After moving to Canada from the UK in 1993 I was suffering from severe stress, but had not acknowledged that fact. Early in 1994 my Father who still lived in England was rushed to hospital and I flew back to the UK in order to be by his side. It appeared he was making a good recovery from a chest infection with complications but, he died. I returned to Canada and did my best to deal with all the challenges in my life and the lump was forgotten for a couple of years.
In 1997 I recognized that the lump had grown slightly, was tender to touch and my instincts kicked in, I just knew I had to return to my family doctor and ask for more tests. He sent me back to the same surgeon who had assured me it was a non malignant cyst and once again he said I had nothing to worry about.
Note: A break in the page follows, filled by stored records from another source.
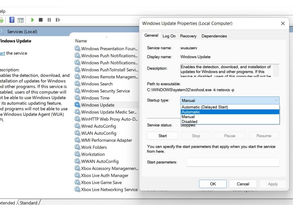 - 确保自动选择启动类型,如果服务未运行,请单击启动。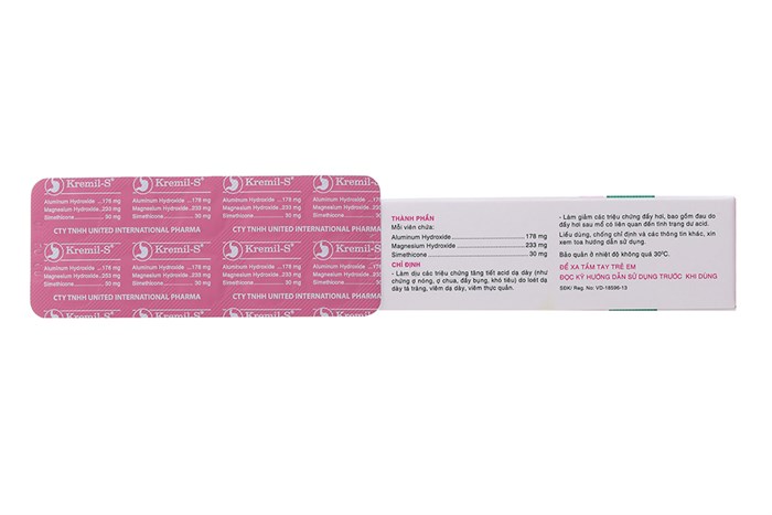 Aluminum hydroxide và magnesium hydoxide trung hòa acid HCI trong dạ dày và làm giảm các triệu chứng dư acid có liên quan đến loét tiêu hóa, viêm dạ dày, viêm thực quản và khó tiêu. Simethicone có hiệu quả để làm giảm chứng đầy hơi có liên quan đến các rối loạn acid đường tiêu hóa. Sự phối hợp giữa aluminum hydroxide và magnesium hydroxide trong Kremil-S viên nhai có tính kháng acid, do đó trung hòa hiệu quả acid trong dịch vị.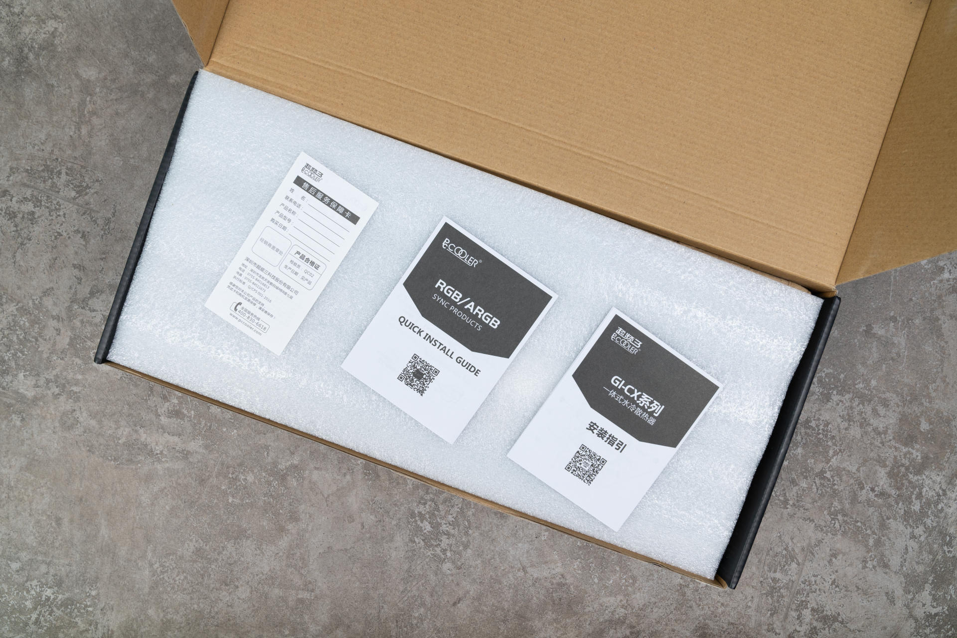 ▲打开包装就能看见一张保修卡,RGB快速安装指南和水冷安装指引,安装前请记得仔细阅读。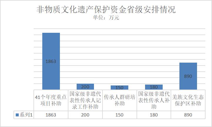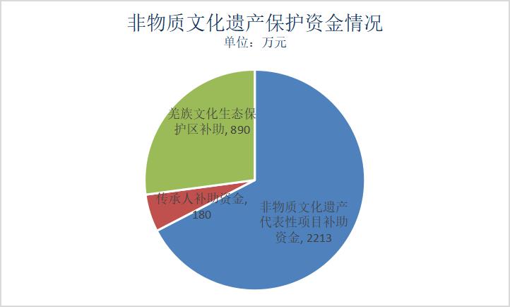 2021年中央下达我省非物质文化遗产保护资金共3283万元,分两批下达,《财政部关于提前下达2021年非物质文化遗产保护资金预算的通知》(财教〔2020〕199号)下达3083万元,《财政部关于下达2021年非物质文化遗产保护资金预算的通知》(财教〔2021〕61号)下达200万。其中,国家级非物质文化遗产代表性项目补助资金2213万元,传承人补助资金180万元,羌族文化生态保护区补助资金890万元。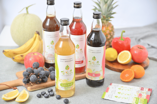 優光泉(ゆうこうせん)は、128種類以上の野菜・果物・海藻・穀物などを、国菌(こうじ菌)でじっくり発酵させた『酵素ドリンク』です。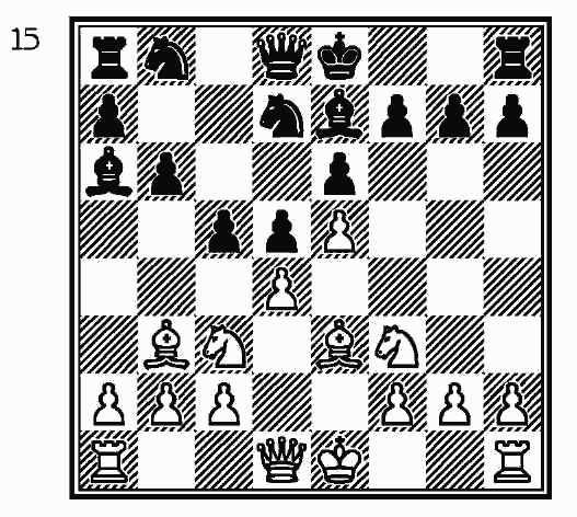 Рокировка невозможна здесь потому, что поле f1 находится под ударом слона черных а6. На всех пяти диаграммах (11–15) черные, если очередь хода за ними, могут рокировать в короткую сторону.

I asked, nicely, if I could have a biopsy and he asssured me, once again he was 99% sure I did not have breast cancer.
The one thing that I remember vividly at that time was that everyone I met told me stories of women, and a few men, who had died from breast cancer. It appeared to me that no one survived and my future was bleak.
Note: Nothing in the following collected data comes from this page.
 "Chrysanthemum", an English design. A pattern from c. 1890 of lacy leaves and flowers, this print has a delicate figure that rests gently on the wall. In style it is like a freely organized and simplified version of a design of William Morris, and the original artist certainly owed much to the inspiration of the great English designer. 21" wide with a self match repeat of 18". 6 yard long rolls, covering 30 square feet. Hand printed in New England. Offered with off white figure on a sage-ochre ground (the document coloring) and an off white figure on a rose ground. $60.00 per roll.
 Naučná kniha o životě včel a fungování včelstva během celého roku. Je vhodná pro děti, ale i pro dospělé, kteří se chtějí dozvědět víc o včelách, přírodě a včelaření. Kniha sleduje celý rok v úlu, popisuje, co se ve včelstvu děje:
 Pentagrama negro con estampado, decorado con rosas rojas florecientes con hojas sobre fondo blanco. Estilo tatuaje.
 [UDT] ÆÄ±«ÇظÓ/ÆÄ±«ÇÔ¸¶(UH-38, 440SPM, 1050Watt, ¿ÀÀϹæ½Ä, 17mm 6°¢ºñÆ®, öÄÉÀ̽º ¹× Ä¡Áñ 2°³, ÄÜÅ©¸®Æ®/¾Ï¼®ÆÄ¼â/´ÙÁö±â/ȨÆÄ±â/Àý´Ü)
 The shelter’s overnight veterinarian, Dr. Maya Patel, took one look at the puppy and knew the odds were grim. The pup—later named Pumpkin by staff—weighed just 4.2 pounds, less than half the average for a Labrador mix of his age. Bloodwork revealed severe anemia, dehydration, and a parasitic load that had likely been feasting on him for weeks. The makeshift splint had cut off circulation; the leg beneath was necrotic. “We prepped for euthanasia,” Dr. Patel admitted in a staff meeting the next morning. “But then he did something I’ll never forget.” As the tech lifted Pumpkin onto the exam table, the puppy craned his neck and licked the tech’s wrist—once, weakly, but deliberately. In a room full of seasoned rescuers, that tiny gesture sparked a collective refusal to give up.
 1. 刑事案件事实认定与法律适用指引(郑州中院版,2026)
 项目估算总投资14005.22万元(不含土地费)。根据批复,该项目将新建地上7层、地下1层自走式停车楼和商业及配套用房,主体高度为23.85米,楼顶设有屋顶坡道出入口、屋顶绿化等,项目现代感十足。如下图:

I was wrong, my future was wonderful, I just did not have a crystal ball and could see into the future. It was at that time I realised I had to get the message out there to everyone who would listen, a diagnosis of breast cancer did not mean a death sentence. Yes women and a few men do die from breast cancer, but more and more people are surviving and that is what I wanted to focus on, survival, not death!
The tests that follow a diagnosis of breast cancer are all necessary but very scary. Bone scan, live scan, blood tests, biopsies, ultrasounds, Lymph Node removal, whilst doctors try to discover if the cancer has spread. In 1997 things were quite different to now, 2009, in my case we did not have a Regional Cancer Centre, we do now. I also had to wait a couple of weeks for results, some results can be known the same day now. This definitely takes away some of the stress and fear of the unknown.
Once my doctors had determined I definitely had breast cancer I was admitted to hospital, had to sign a form to say depending on what they discovered once they opened me up that it was at their discretion if they removed my breast or not. I woke up to find I had no tubes attached to my chest area, and I had been told by someone that would be a good sign. Evidently the doctors performed a small lumpectomy to remove the cancer tissue, about 9 lymp nodes to determine if the cancer had spread, but they had managed to save my breast.
Once the good news came that my breat cancer had been microscopic, hard to find, so early detected and that it had not spread, it was decided 5 weeks of radiation once a day was the way to go.